The hardest part of automation usually isn't building it — it's choosing what to build first. Pick the wrong process and you'll spend weeks for little payoff. Pick the right one and you fund the entire programme with the time it saves.
Here's the framework we use on every first engagement.
Step 1: List the work, not the wishes
Ask each team a single question: “What do you do every week that feels repetitive, manual, and low-judgement?” You're hunting for tasks that are frequent and rule-based — copying data between systems, sorting inboxes, formatting reports, chasing approvals.
Step 2: Score each task on three axes
- Impact — how many hours per week, across how many people, and is there a cost or revenue tie-in?
- Effort — how stable are the rules, how clean is the data, how many systems does it touch?
- Risk — what happens if it's wrong?

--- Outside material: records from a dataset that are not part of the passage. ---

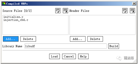 在Source Files下单击Add按钮弹出Select File(导入文件)对话框,选择initialize.c,injection_ch4.c文件,单击OK完成UDF文件导入。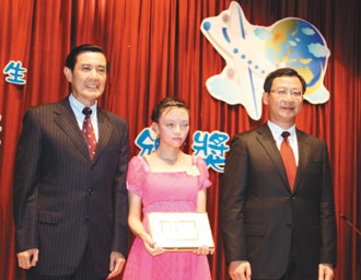 該獎(jiǎng)項(xiàng)今年頒發(fā)新臺(tái)幣200萬元獎(jiǎng)學(xué)金,共150位學(xué)生獲獎(jiǎng),由縣長(zhǎng)吳志揚(yáng)主持,馬英九頒獎(jiǎng)合照。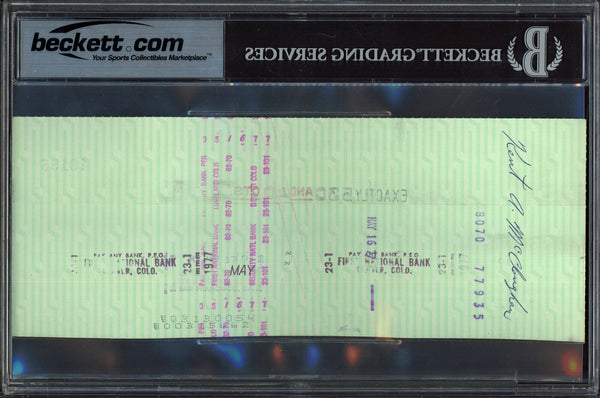 This is a Check, approximately 3.5x8.5, that has been hand signed by Al Davis. The condition of the signature was graded a Gem Mint 10 by Beckett BAS. It has been certified authentic by Beckett Authentication Services (BAS) and comes encapsulated in their tamper-proof holder.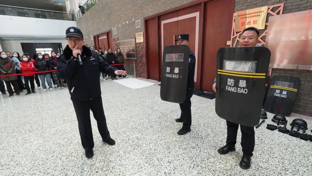 为切实筑牢校园安全防线,提升师生及管理人员应对突发恐怖事件的处置能力与防范意识,2025年12月4日上午9时,我校安全保卫处联合辖区公安机关,在综合楼校史馆前一楼大厅成功开展以“全民反恐共创平安”为主题反恐怖宣传教育演练活动。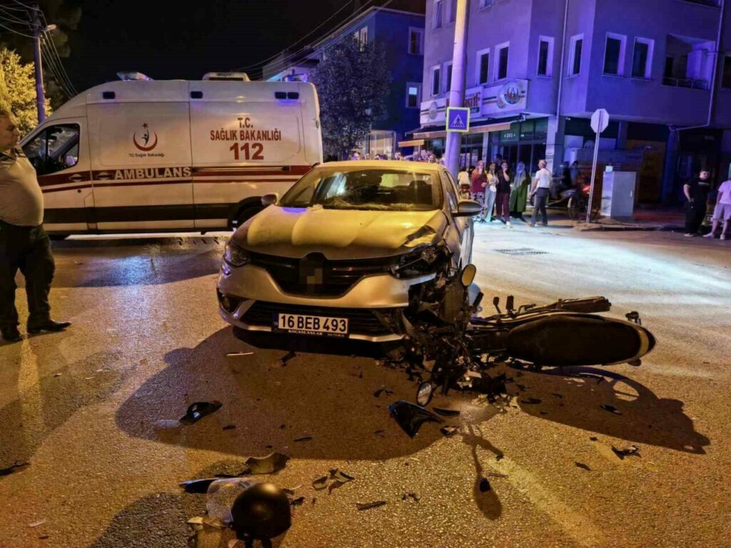 Kaza, saat 22.00 sıralarında Kemalpaşa Mahallesi Mahmutesatbey Caddesi üzerinde meydana geldi. Cadde üzerinde seyir halinde olan Kadir K. (27) yönetimindeki 16 KJM 45 plakalı motosiklet, Emin Sokak’tan caddeye çıkan Nilüfer Ş. (41) yönetimindeki 16 BEB 493 plakalı otomobil ile çarpıştı. Şiddetli çarpmanın etkisiyle devrilen motosikletten düşen sürücü ağır yaralandı. Yaralı kaza yerine sevk edilen ambulansla İnegöl Devlet Hastanesi’ne kaldırıldı. Yaralının sağlık durumunun ciddiyetini koruduğu öğrenildi.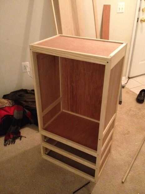 Una vez fue montada la parte posterior, cortar el revestimiento de la parte superior y media del armario (la parte superior de la primer cajón).  Luego até el marco superior de madera la cara del guardarropa de las puertas y cajones.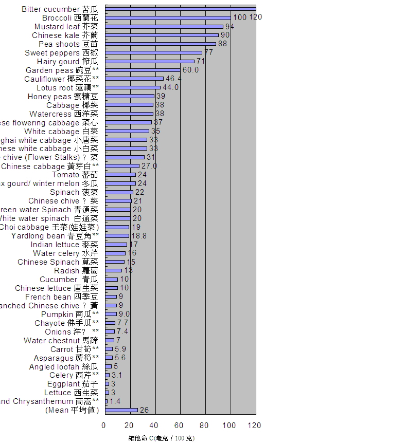 29. 蔬菜是维他命 C 的主要来源。下表 ( 图 6) 所列的蔬菜,每 100 克含 1.4 毫克至 120 毫克维他命 C ,平均含 26 毫克。在下表所列的蔬菜中,苦瓜、西兰花、芥菜、芥兰和豆苗的维他命 C 含量最高。

A misfiled email is low-risk; a wrong invoice posting is not.
Your first project should be high impact, low effort, low risk. Save the high-risk, high-complexity ideas for after you've built trust.
Step 3: Sanity-check the data
Automation lives or dies on the inputs. Before committing, confirm the data the task relies on is accessible, consistent, and reasonably clean. A “simple” automation on top of messy data is not simple.
Step 4: Write the one-line value statement
If you can finish this sentence with real numbers, you've found your first project:
“Automating ___ will save about ___ hours a week and remove ___, with low risk if it fails.”
A quick example
A testing lab we worked with was re-keying instrument readings into reports by hand — hours every day, error-prone, and the same every time. High impact, stable rules, contained risk. It was the obvious first move, and it paid for itself quickly.
Start there. The first win buys you the credibility and the budget for everything after it.